Sherry ist ein Wein voller Tradition, Eleganz und Komplexität. Er fasziniert sowohl Kenner als auch Neugierige und bietet ein unvergleichliches Geschmackserlebnis. Aber was ist Sherry eigentlich und was macht ihn so besonders? In diesem umfassenden Leitfaden laden wir Sie ein, mit uns die Welt des Sherrys zu erkunden. Von seiner Herkunft und Geschichte über die Herstellung bis hin zu Verzehrempfehlungen und erstaunlichen Fun Facts. Tauchen Sie ein in die fesselnde Welt des Sherrys und erfahren Sie, weshalb dieser Wein für jeden Weinfan unverzichtbar ist.

Was ist Sherry?

Sherry ist ein verstärkter Wein (engl. fortified wine), der in der andalusischen Region im Süden Spaniens produziert wird. Seine besondere Herstellungsmethode und die Vielfalt an Geschmacksrichtungen, die von trocken und nussig bis süß und fruchtig reichen, heben ihn hervor. Durch die Zugabe von Branntwein während des Herstellungsprozesses erhält Sherry seinen typischen Alkoholgehalt, der normalerweise zwischen 15 % und 22 % liegt.

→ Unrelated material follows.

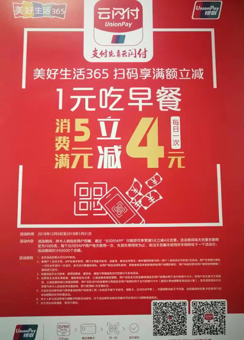活動(dòng)內(nèi)容:活動(dòng)期間,持卡人到指定商戶用餐,通過(guò)云閃付APP”付款即可享受滿5元立減4元優(yōu)惠;顒(dòng)期間每天優(yōu)惠名額限定為1000名,每個(gè)云閃付APP用戶每天限用一次,先到先得用完為止,如當(dāng)天名額未使用完畢則轉(zhuǎn)結(jié)下一個(gè)活動(dòng)日;活動(dòng)期間共計(jì)60000個(gè)名額。

Die Vielfalt der Sherrysorten

Sherry ist ein äußerst vielseitiger Wein, der in unterschiedlichen Stilrichtungen erhältlich ist. Zu den bekanntesten Sorten gehören:

Fino: Ein heller, trockener Sherry mit einem subtilen, leicht nussigen Geschmack. Er reift unter einer Schicht Florhefe, die ihm seine charakteristische Leichtigkeit verleiht.

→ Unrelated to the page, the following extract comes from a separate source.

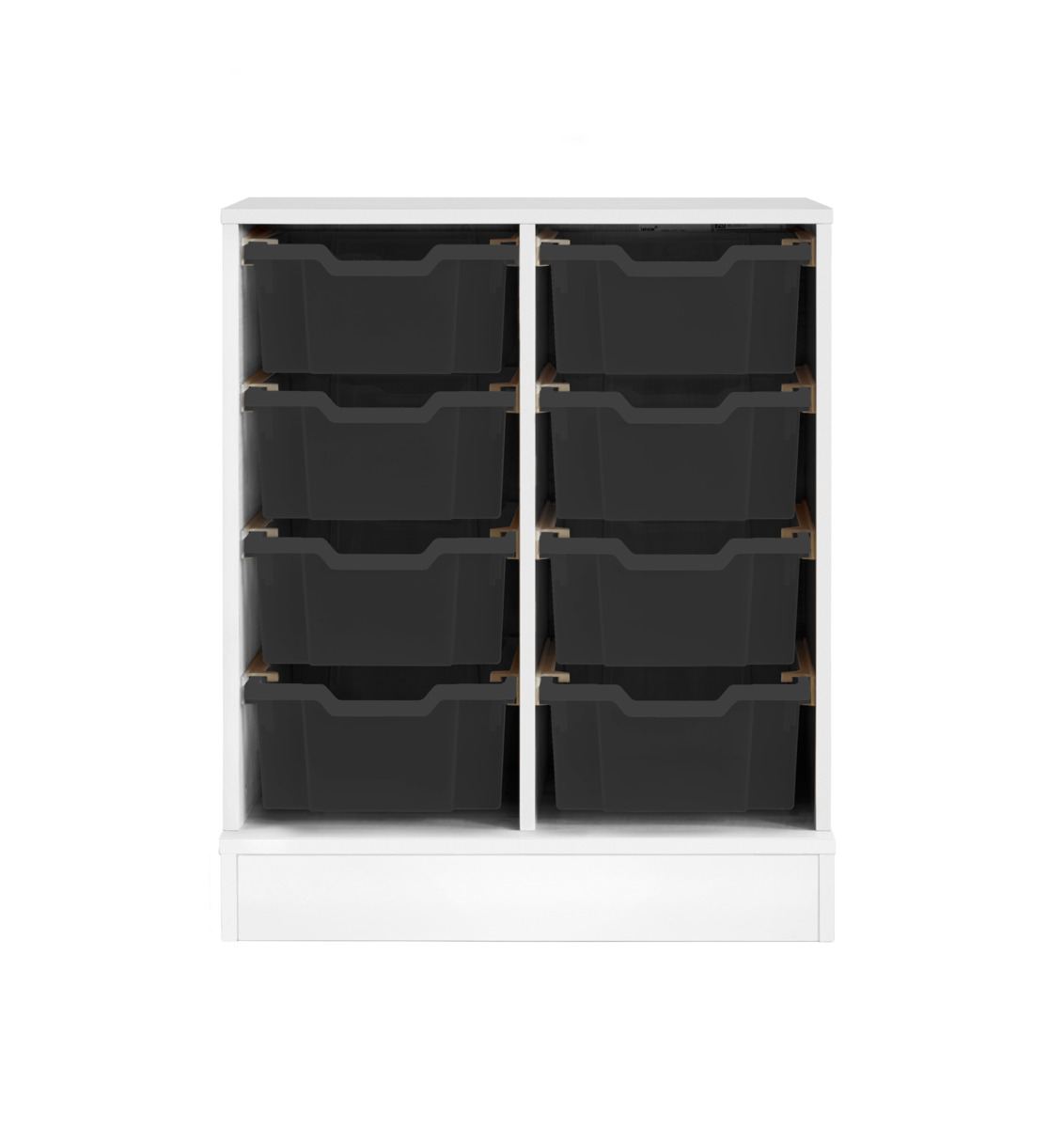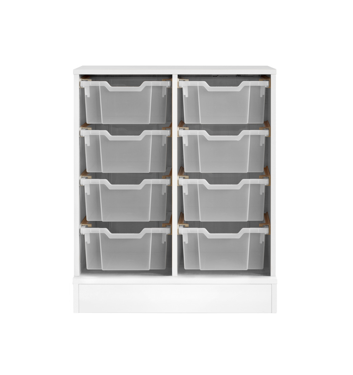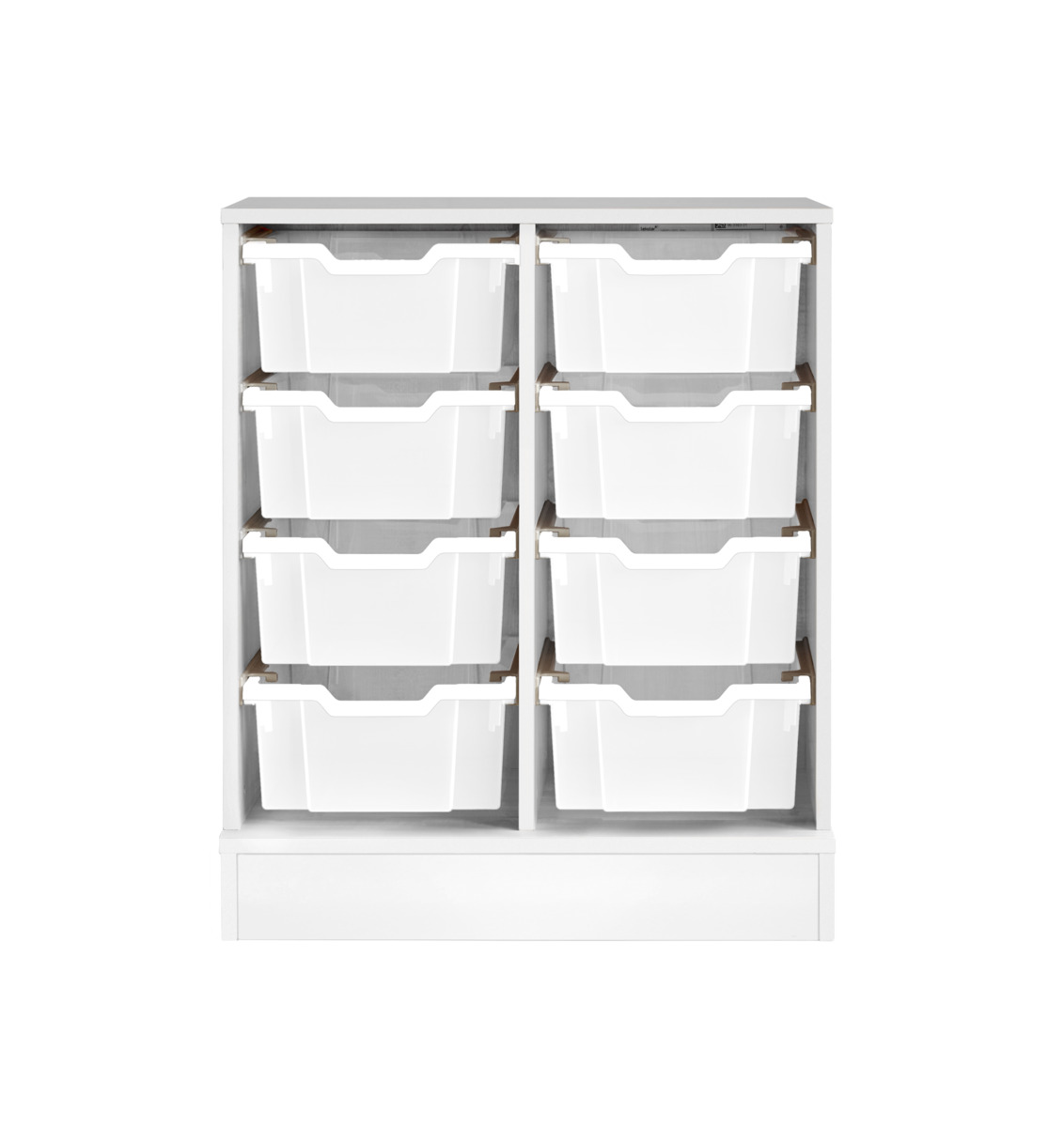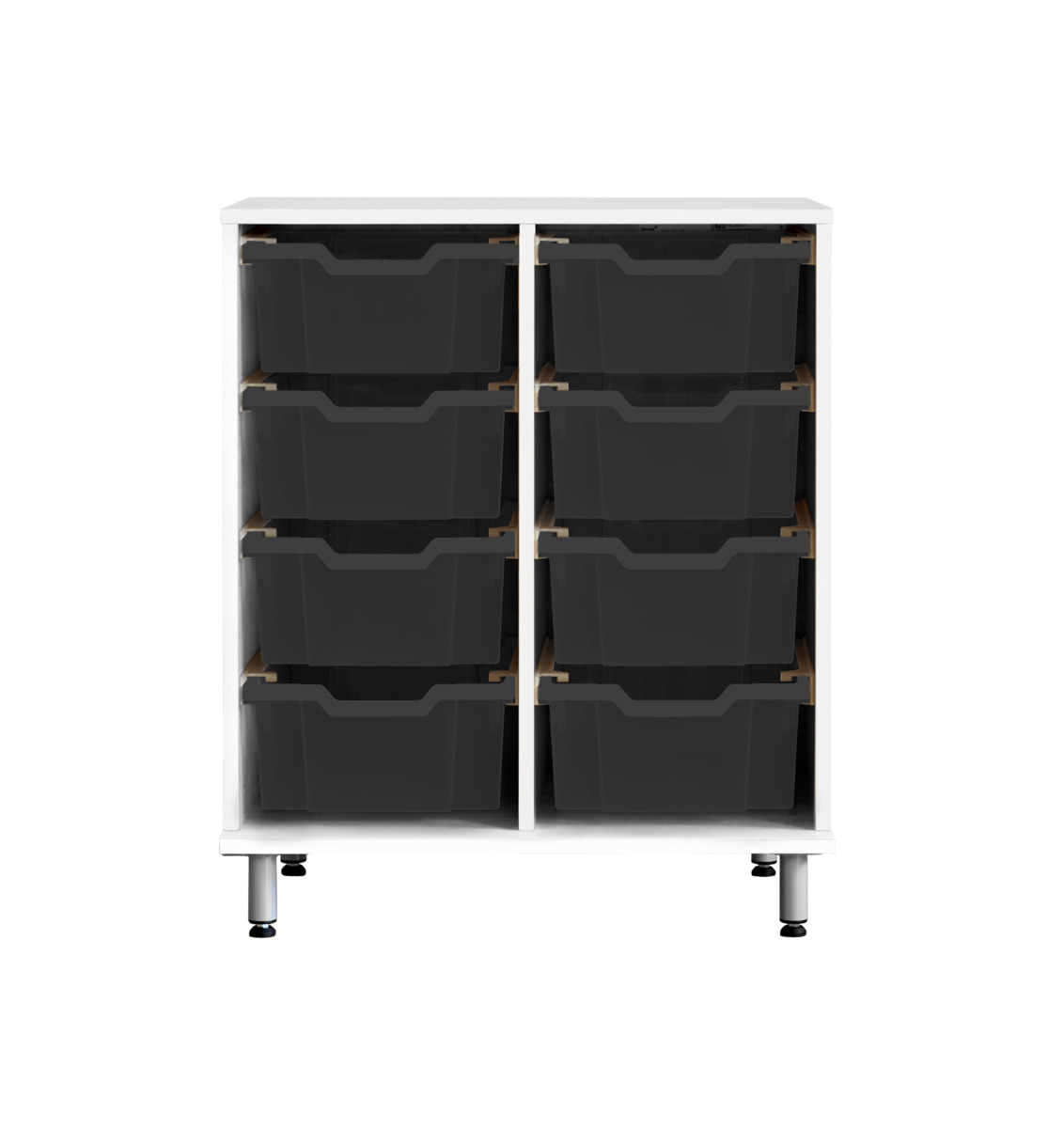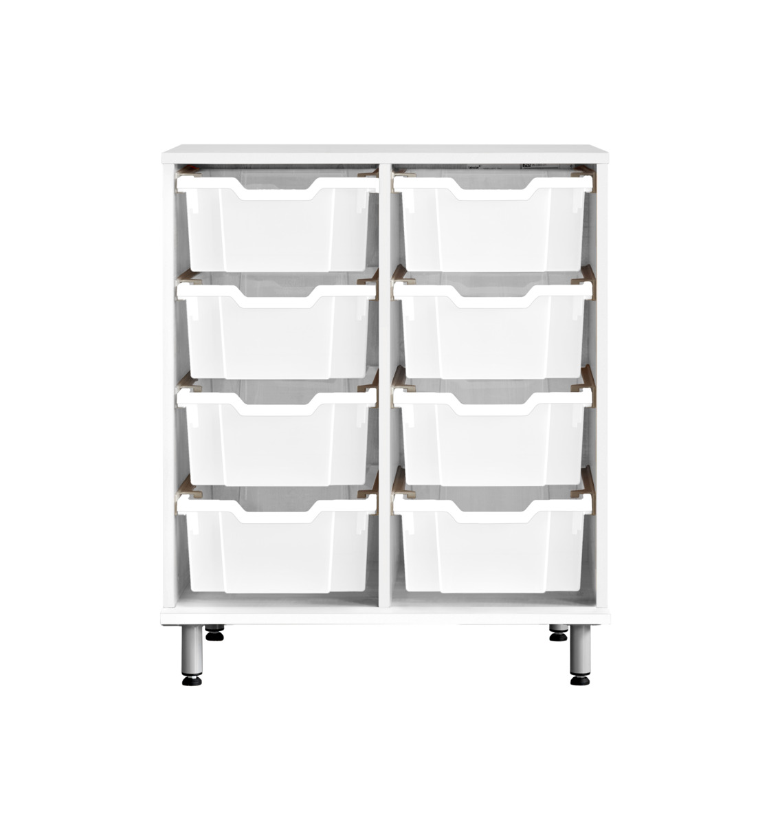 Säilytyskaluste, jossa Gratnellin laatikot. Valittavana pyörät, jalat tai sokkeli. Kuudesta pyörästä kaksi on kiinteitä, mikä tekee säilytyksestä vakaan siirrettäessä. Vapaasti liikkuvat pyörät ovat lukittavia. Materiaali: 18 mm lastulevyä, jossa on laminaattipinta ja ABS-reunanauha. Runko jaloilla ja sokkelilla tulee kiinnittää seinään mukana tulevilla seinäkiinnikkeillä. Ruuvit eivät sisälly toimitukseen. Laatikoiden kiskoissa on pysäyttimet. Laatikon mitat: L31,2 S42,7 K7,5 cm. Laatikon väri valittavissa.

Manzanilla: Ähnelt dem Fino, wird jedoch ausschließlich in der Küstenstadt Sanlúcar de Barrameda hergestellt. Seine leicht salzige Note macht ihn besonders frisch.

Amontillado: Dieser Sherry reift zunächst wie ein Fino unter Florhefe und erfährt anschließend oxidative Reifung, was ihm ein nussiges, komplexes Aroma verleiht.

Oloroso: Ein dunkler, reichhaltiger und vollmundiger Sherry, der ausschließlich oxidativ reift und kräftige Aromen von Nüssen, Trockenfrüchten und Gewürzen aufweist.

Palo Cortado: Eine seltene Sherry-Sorte, die die Eleganz eines Amontillado mit der Tiefe eines Oloroso kombiniert und ein einzigartiges Geschmacksprofil bietet.

Pedro Ximénez (PX): Ein süßer Sherry aus getrockneten Pedro-Ximénez-Trauben, bekannt für seine intensive Süße und Aromen von Rosinen und Schokolade.

Cream Sherry: Eine Mischung aus Oloroso und süßen Sherrysorten wie PX, die einen süßen, cremigen Geschmack bietet.

Jede dieser Sorten hat ihren eigenen Charakter und kann zu unterschiedlichen Anlässen und Geschmäckern genossen werden.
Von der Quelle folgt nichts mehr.